Goal of the exercise
Would you copy exactly the lines in the data below from the one that has "Generic - قواعد" through the one that has "Pro zjednodušení a", dropping any pictures?

Provided records
---+---
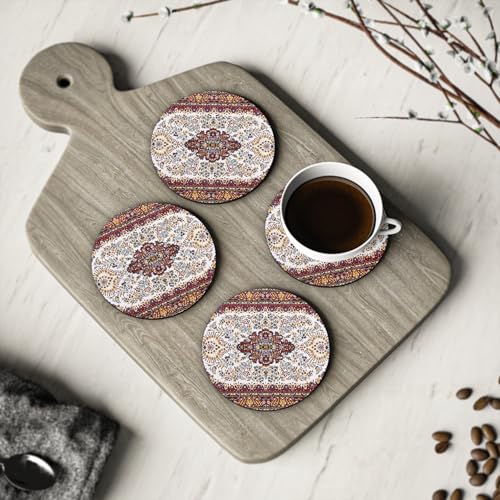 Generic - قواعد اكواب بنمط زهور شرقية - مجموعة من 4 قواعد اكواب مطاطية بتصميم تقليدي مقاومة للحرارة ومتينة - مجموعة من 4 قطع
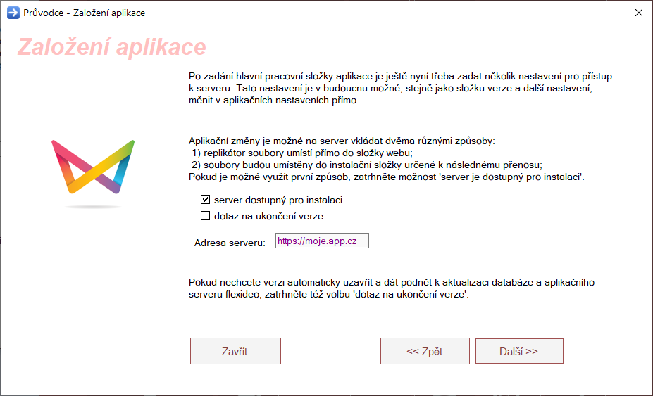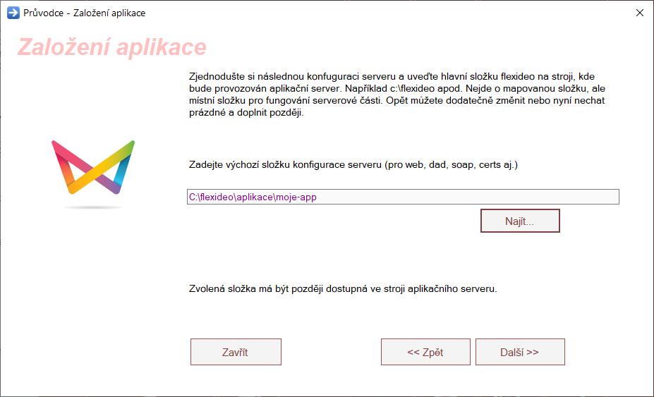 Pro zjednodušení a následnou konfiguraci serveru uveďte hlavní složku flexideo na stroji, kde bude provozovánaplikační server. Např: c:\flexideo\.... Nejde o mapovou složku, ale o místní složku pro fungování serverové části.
---+---
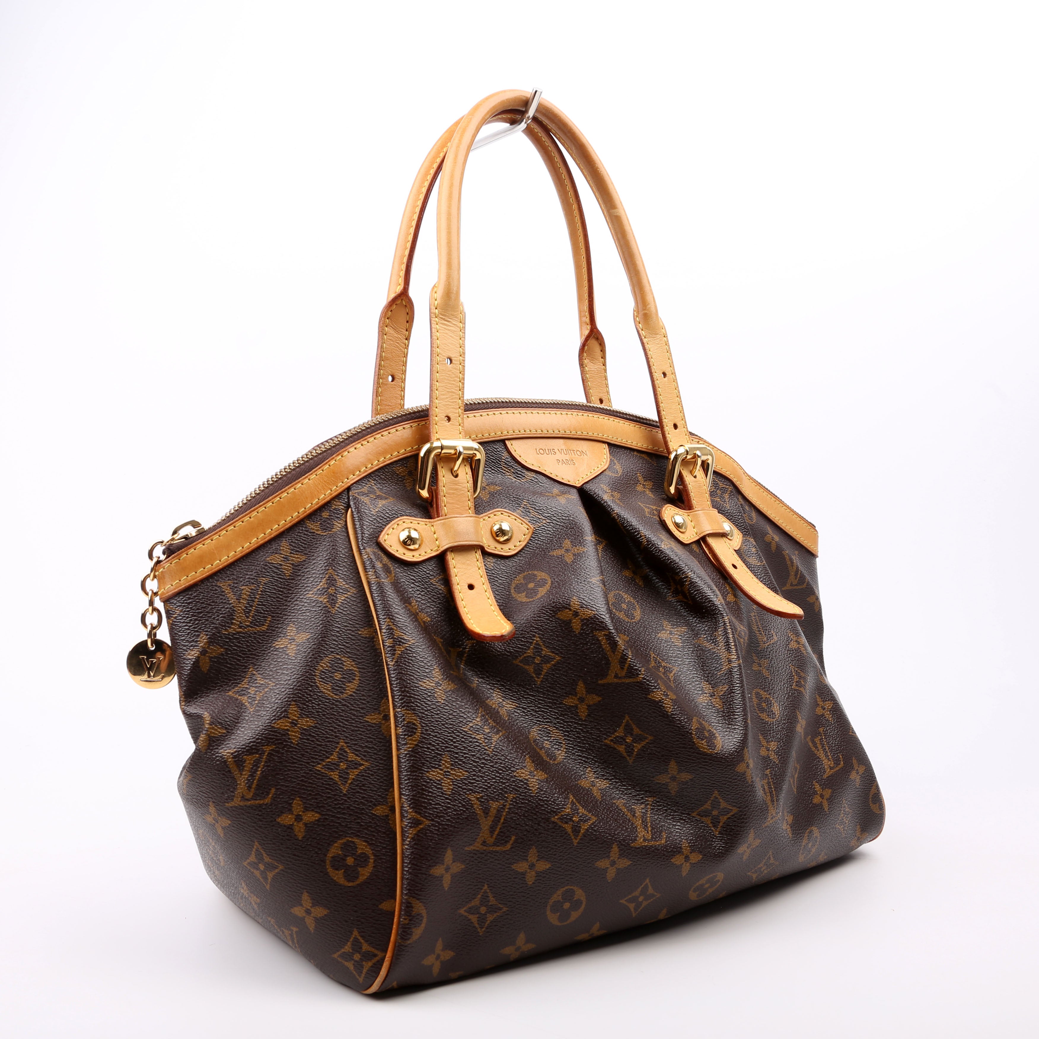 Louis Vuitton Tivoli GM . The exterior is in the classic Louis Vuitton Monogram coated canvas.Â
---+---
Exercise answer
 Generic - قواعد اكواب بنمط زهور شرقية - مجموعة من 4 قواعد اكواب مطاطية بتصميم تقليدي مقاومة للحرارة ومتينة - مجموعة من 4 قطع
 Pro zjednodušení a následnou konfiguraci serveru uveďte hlavní složku flexideo na stroji, kde bude provozovánaplikační server. Např: c:\flexideo\.... Nejde o mapovou složku, ale o místní složku pro fungování serverové části.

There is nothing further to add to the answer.